Том 6. Дворянское гнездо. Накануне. Первая любовь - Страница 17


К оглавлению

17

Заснуть он не мог, но погрузился в дремотное дорожное онемение. Образы прошедшего по-прежнему, не спеша, поднимались, всплывали в его душе, мешаясь и путаясь с другими представлениями. Лаврецкий, бог знает почему, стал думать о Роберте Пиле… о французской истории… о том, как бы он выиграл сражение, если б он был генералом; ему чудились выстрелы и крики… Голова его скользила набок, он открывал глаза… Те же поля, те же степные виды; стертые подковы пристяжных попеременно сверкают сквозь волнистую пыль; рубаха ямщика, желтая, с красными ластовицами, надувается от ветра… «Хорош возвращаюсь я на родину», — промелькнуло у Лаврецкого в голове, и он закричал: «Пошел!» — запахнулся в шинель и плотнее прижался к подушке. Тарантас толкнуло: Лаврецкий выпрямился и широко раскрыл глаза. Перед ним на пригорке тянулась небольшая деревенька; немного вправо виднелся ветхий господский домик с закрытыми ставнями и кривым крылечком; по широкому двору, от самых ворот, росла крапива, зеленая и густая, как конопля; тут же стоял дубовый, еще крепкий амбарчик. Это было Васильевское.

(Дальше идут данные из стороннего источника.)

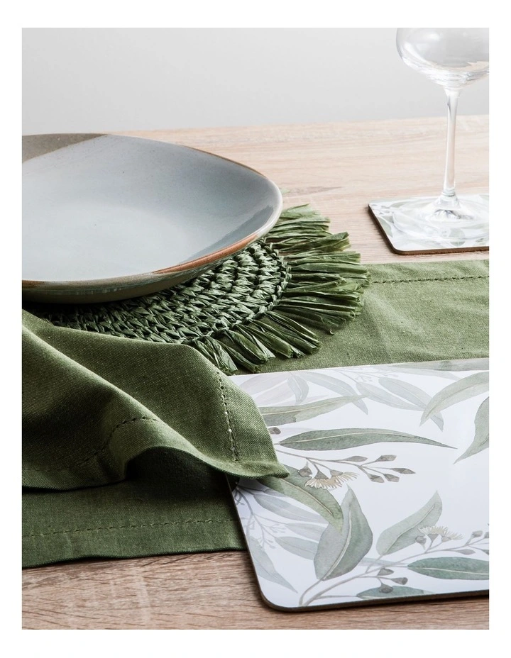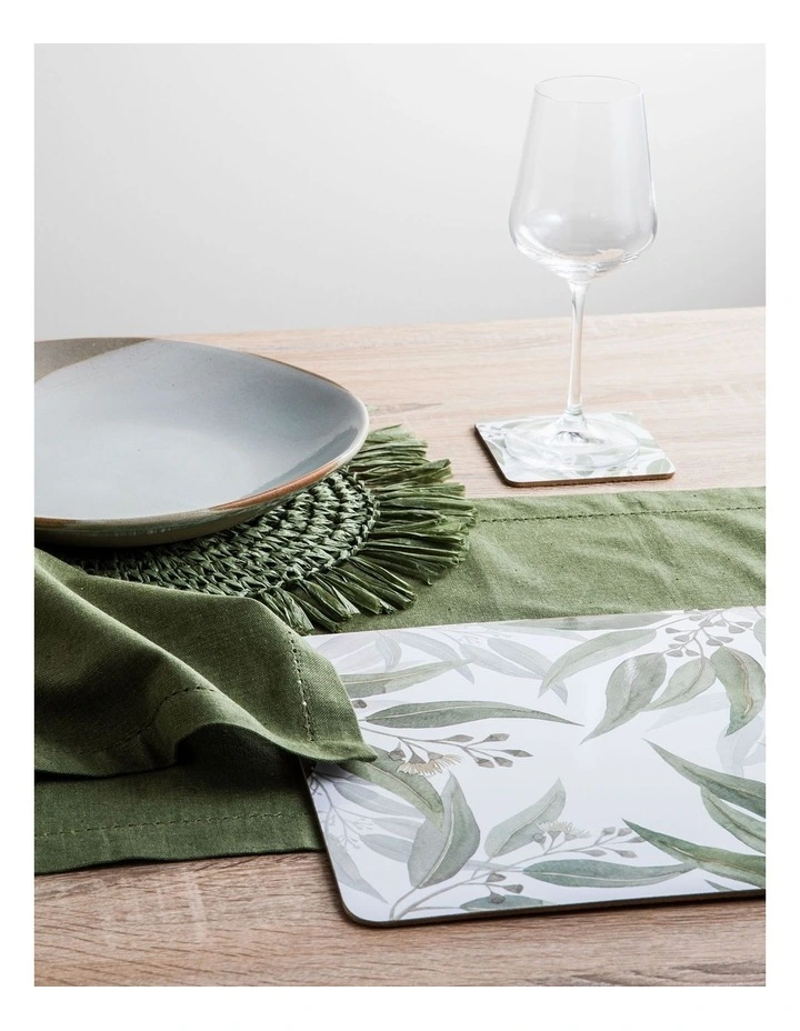 Bring the outdoors in with our Meredith Rectangle Placemat. This hand painted print brings Australian foliage to the table, incorporating soft natural colours and printed on coated MDF with a cork backing for reliability. Comes in a set of 4.

Ямщик повернул к воротам, остановил лошадей; лакей Лаврецкого приподнялся на козлах и, как бы готовясь соскочить, закричал: «Гей!». Раздался сиплый, глухой лай, но даже собаки не показалось; лакей снова приготовился соскочить и снова закричал: «Гей!». Повторился дряхлый лай, и, спустя мгновенье, на двор, неизвестно откуда, выбежал человек в нанковом кафтане, с белой как снег головой; он посмотрел, защищая глаза от солнца, на тарантас, ударил себя вдруг обеими руками по ляжкам, сперва немного заметался на месте, потом бросился отворять ворота. Тарантас въехал на двор, шурша колесами по крапиве, и остановился перед крыльцом. Белоголовый человек, весьма, по-видимому, юркий, уже стоял, широко и криво расставив ноги, на последней ступеньке, отстегнул передок, судорожно дернув кверху кожу, и, помогая барину спуститься на землю, «поцеловал у него руку.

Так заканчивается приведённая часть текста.